Segment Start: EXTRACTED INFORMATION

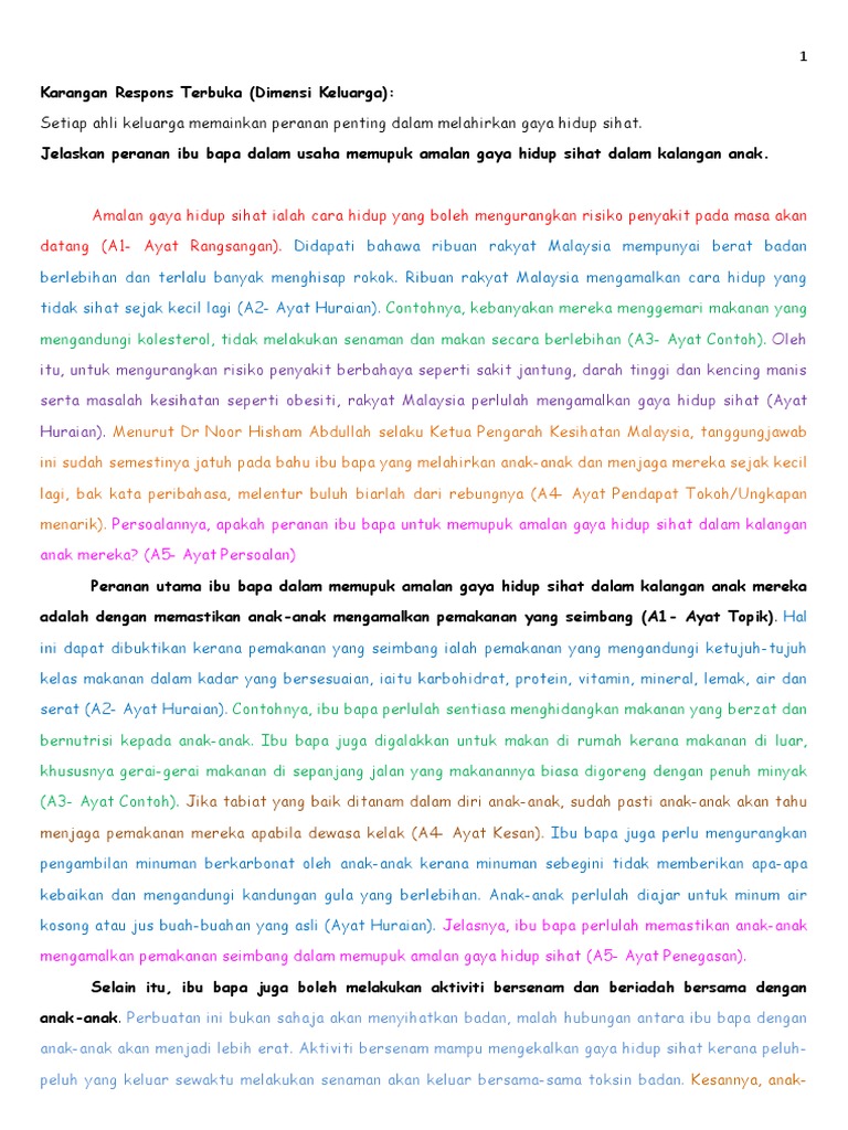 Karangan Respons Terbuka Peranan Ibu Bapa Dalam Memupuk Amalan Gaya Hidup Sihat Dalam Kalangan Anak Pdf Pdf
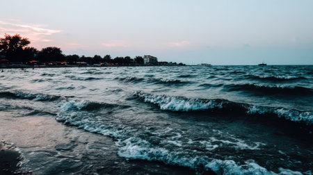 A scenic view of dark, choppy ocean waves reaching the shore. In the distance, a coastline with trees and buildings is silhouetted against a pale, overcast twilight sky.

Segment End: EXTRACTED INFORMATION
Segment Start: EXTRACTED INFORMATION

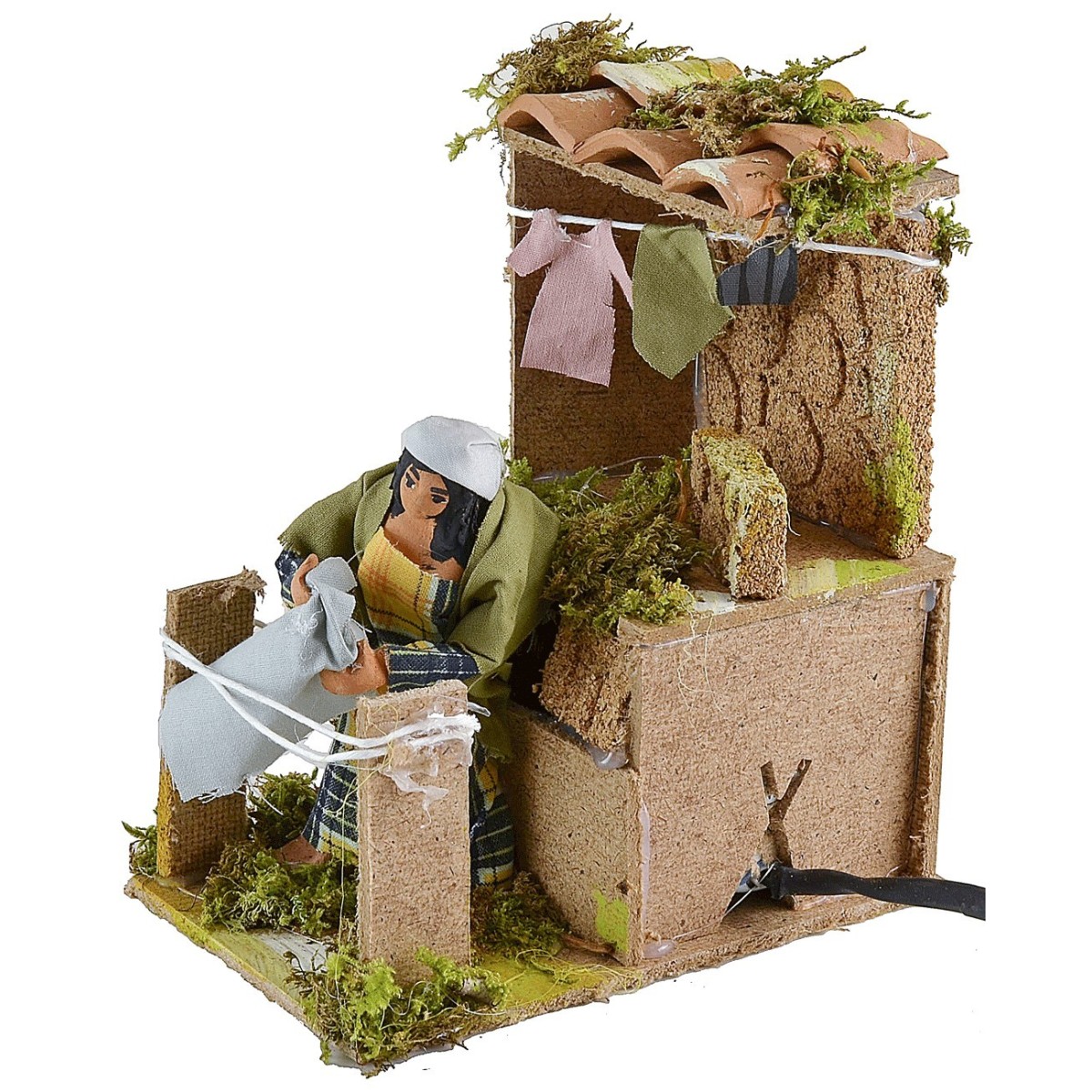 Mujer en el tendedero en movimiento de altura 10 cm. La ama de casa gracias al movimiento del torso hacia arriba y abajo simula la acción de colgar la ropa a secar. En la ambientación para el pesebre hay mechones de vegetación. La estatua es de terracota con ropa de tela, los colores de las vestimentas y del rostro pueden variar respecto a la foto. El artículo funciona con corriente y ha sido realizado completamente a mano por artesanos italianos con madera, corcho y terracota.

Segment End: EXTRACTED INFORMATION
Segment Start: EXTRACTED INFORMATION

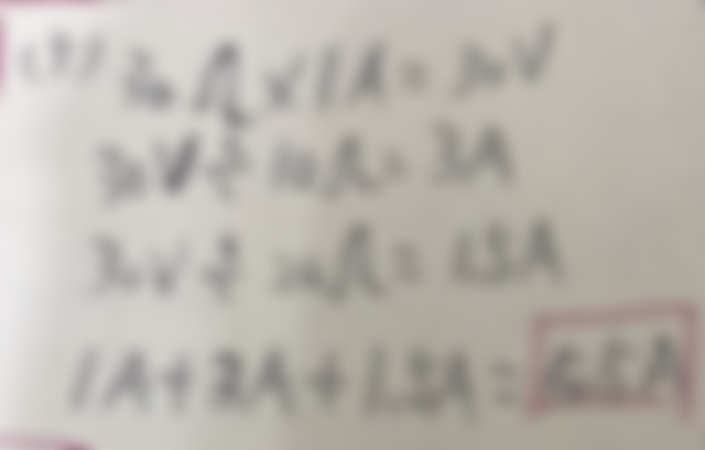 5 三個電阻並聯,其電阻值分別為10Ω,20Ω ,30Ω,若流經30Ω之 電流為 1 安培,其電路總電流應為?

Segment End: EXTRACTED INFORMATION

_EXERCISE GOAL_.
Using the material above, transcribe exactly the lines from the one holding "Karangan Respons Terbuka" to the one holding "A scenic view", both ends kept. Do not carry over any pictures.

_COMPLETED EXERCISE_.
 Karangan Respons Terbuka Peranan Ibu Bapa Dalam Memupuk Amalan Gaya Hidup Sihat Dalam Kalangan Anak Pdf Pdf
 A scenic view of dark, choppy ocean waves reaching the shore. In the distance, a coastline with trees and buildings is silhouetted against a pale, overcast twilight sky.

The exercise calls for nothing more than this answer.